From: Stefan Fuhrmann <stefanfuhrmann_at_alice-dsl.de>
Date: Wed, 2 Sep 2009 14:06:15 +0200

Dmitry <wipedout_at_yandex.ru> wrote:

> >>> 2. using ptr[i] is faster anyway - according intel optimazition
> >>> (at least as i remmember)
> >> I though pointer arithmetic was faster - but I guess with todays
> >> optimizing compilers it won't make a difference.
> >I will do some test to check it, but as I rememeber it comes from
> >internal cache mechanizm. So not sure if compiler is able to do such
> >optimalization.
> >Also according that paper (I should probably reread it) decrementing of

> >pointer takes more time - because of cache.

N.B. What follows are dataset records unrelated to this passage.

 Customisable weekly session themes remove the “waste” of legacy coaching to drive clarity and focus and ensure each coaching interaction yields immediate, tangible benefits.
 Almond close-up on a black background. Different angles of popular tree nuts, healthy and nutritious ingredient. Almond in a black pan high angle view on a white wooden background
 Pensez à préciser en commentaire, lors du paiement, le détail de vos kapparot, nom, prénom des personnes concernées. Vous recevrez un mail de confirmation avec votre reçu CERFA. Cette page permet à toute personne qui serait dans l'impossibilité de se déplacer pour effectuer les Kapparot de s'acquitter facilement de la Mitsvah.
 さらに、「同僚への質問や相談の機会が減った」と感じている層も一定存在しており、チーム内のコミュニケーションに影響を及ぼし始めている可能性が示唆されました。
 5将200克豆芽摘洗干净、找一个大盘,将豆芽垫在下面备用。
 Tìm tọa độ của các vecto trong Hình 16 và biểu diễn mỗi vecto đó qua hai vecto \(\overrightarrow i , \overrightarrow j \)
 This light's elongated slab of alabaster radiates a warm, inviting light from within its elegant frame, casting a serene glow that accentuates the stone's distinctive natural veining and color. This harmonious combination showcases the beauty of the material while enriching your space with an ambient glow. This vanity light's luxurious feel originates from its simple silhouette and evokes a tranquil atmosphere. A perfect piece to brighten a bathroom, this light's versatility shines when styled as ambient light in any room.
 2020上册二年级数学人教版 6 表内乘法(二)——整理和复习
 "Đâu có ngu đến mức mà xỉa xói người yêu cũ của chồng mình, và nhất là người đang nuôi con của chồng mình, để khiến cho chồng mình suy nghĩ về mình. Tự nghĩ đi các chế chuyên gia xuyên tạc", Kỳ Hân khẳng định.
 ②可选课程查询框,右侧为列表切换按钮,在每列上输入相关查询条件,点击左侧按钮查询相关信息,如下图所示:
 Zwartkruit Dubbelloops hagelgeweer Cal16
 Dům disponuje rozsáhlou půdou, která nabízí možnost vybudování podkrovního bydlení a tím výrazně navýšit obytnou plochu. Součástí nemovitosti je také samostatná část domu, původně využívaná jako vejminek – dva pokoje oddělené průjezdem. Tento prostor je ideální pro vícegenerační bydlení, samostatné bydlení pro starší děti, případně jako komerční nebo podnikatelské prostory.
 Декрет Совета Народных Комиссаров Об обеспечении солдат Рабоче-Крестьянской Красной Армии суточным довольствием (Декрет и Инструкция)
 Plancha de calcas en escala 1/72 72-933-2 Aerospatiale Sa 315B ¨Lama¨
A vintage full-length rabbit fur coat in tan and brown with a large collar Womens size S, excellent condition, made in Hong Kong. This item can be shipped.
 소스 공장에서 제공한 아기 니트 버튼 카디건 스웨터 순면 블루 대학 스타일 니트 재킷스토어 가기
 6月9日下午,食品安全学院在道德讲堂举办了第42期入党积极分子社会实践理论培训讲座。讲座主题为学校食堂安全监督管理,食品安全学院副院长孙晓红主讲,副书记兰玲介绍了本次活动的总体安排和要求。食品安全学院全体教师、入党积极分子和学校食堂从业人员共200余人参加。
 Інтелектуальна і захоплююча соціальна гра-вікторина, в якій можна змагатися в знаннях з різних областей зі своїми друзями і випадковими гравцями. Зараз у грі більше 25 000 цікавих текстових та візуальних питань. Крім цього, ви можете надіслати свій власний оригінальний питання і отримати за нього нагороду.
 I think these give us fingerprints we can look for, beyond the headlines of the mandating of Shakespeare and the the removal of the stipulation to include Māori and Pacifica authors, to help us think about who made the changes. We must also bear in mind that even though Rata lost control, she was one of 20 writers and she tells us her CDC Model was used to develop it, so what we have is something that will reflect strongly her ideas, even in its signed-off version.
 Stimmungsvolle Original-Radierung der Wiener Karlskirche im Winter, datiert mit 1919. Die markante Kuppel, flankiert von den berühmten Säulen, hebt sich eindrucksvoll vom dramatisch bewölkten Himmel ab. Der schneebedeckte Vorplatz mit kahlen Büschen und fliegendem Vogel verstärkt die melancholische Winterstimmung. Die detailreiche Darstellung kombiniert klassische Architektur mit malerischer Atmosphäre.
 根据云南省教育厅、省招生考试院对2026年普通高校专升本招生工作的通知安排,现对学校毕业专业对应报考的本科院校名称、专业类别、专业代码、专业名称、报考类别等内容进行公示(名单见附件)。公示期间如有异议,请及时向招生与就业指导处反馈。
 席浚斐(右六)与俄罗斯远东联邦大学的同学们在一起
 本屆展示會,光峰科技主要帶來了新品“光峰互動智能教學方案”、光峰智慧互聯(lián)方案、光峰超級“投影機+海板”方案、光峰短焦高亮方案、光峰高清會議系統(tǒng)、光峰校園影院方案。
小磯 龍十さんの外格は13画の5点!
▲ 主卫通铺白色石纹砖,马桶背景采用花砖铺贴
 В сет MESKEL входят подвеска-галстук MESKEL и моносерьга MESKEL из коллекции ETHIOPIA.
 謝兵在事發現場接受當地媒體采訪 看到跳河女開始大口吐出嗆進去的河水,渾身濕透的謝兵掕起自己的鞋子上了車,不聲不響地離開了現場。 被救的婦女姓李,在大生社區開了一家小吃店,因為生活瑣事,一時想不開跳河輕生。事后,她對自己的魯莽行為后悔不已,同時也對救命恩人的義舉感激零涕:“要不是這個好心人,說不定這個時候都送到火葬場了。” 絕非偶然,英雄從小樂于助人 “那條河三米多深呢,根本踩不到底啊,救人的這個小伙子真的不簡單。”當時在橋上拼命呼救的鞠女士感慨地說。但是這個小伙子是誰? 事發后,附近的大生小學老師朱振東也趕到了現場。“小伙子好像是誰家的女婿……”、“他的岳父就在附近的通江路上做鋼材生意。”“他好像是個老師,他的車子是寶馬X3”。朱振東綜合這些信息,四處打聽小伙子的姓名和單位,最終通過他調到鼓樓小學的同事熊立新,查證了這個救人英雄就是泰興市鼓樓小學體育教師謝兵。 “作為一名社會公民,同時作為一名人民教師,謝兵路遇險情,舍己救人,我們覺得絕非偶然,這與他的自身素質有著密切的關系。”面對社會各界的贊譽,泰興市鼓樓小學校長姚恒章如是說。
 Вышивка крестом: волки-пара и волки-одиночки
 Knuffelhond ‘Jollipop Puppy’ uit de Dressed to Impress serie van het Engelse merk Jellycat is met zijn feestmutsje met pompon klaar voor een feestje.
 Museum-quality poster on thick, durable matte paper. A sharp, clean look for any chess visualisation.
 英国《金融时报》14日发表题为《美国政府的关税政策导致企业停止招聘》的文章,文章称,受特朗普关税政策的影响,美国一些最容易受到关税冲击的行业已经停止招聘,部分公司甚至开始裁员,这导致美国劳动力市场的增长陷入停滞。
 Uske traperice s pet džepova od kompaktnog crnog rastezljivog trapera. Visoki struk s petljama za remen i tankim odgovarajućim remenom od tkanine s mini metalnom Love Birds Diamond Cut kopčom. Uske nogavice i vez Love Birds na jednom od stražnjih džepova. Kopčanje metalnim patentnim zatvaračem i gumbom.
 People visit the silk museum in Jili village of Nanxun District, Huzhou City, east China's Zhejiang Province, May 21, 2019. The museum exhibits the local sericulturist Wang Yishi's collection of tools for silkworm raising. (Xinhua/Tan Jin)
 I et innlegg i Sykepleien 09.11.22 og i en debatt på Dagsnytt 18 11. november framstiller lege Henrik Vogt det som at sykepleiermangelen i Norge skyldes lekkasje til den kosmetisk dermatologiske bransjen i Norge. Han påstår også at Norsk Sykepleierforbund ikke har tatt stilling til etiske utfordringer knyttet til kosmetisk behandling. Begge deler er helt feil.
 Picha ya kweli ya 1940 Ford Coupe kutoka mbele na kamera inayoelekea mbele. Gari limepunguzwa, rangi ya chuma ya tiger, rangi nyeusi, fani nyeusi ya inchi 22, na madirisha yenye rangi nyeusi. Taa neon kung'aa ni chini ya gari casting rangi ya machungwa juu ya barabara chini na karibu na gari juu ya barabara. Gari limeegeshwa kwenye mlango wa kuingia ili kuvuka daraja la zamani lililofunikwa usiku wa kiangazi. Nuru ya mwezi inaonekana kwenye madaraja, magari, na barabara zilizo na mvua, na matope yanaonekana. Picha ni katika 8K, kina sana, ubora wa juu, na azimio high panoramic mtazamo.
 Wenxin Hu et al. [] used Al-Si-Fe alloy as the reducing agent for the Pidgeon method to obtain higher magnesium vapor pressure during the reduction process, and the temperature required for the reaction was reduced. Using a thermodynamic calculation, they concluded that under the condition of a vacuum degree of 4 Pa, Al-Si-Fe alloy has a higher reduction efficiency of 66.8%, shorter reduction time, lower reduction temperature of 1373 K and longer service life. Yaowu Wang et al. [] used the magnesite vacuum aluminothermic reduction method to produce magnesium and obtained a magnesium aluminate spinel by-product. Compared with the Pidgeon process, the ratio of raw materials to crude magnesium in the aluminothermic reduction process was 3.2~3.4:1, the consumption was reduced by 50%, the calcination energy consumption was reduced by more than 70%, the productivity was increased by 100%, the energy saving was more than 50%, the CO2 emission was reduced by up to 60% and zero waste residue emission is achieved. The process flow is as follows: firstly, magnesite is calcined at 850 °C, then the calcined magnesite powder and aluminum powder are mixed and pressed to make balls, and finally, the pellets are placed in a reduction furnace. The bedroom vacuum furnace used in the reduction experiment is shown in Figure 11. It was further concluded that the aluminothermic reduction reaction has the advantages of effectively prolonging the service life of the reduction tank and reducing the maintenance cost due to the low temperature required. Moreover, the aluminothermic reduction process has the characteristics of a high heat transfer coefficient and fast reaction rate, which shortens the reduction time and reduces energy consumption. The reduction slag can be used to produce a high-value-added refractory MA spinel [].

Maybe they assumed that the pointer itself was stored
somewhere in memory (store-forwarding & friends?).
Aside from the effect mentioned below, the cache should
be oblivious to how a certain address got generated.

> I've done a test - a locally allocated (automatic variable) buffer of
size 2048 is processed 100
> million times in a loop. First time it is referenced as buffer[i],
second time there're two
> pointers - head set to the first element and tail set to the last, tail
is decremented along the pass.
> Code is compiled with VC++7, Full Optimization (/Ox), GetTickCount() is
used to measure time.
> The first variant takes 157375 ms, the second one - 157406 ms. They are
almost equal - about 0,01%
> difference.

As a rule of thumb, you can only get 1 memory access
and one 1 condition / branch per cycle. Therefore,
most of these trivial loops take 2 cycles per iteration.
ALU resources usually don't limit the throughput.
That's the case for over 15 years now ...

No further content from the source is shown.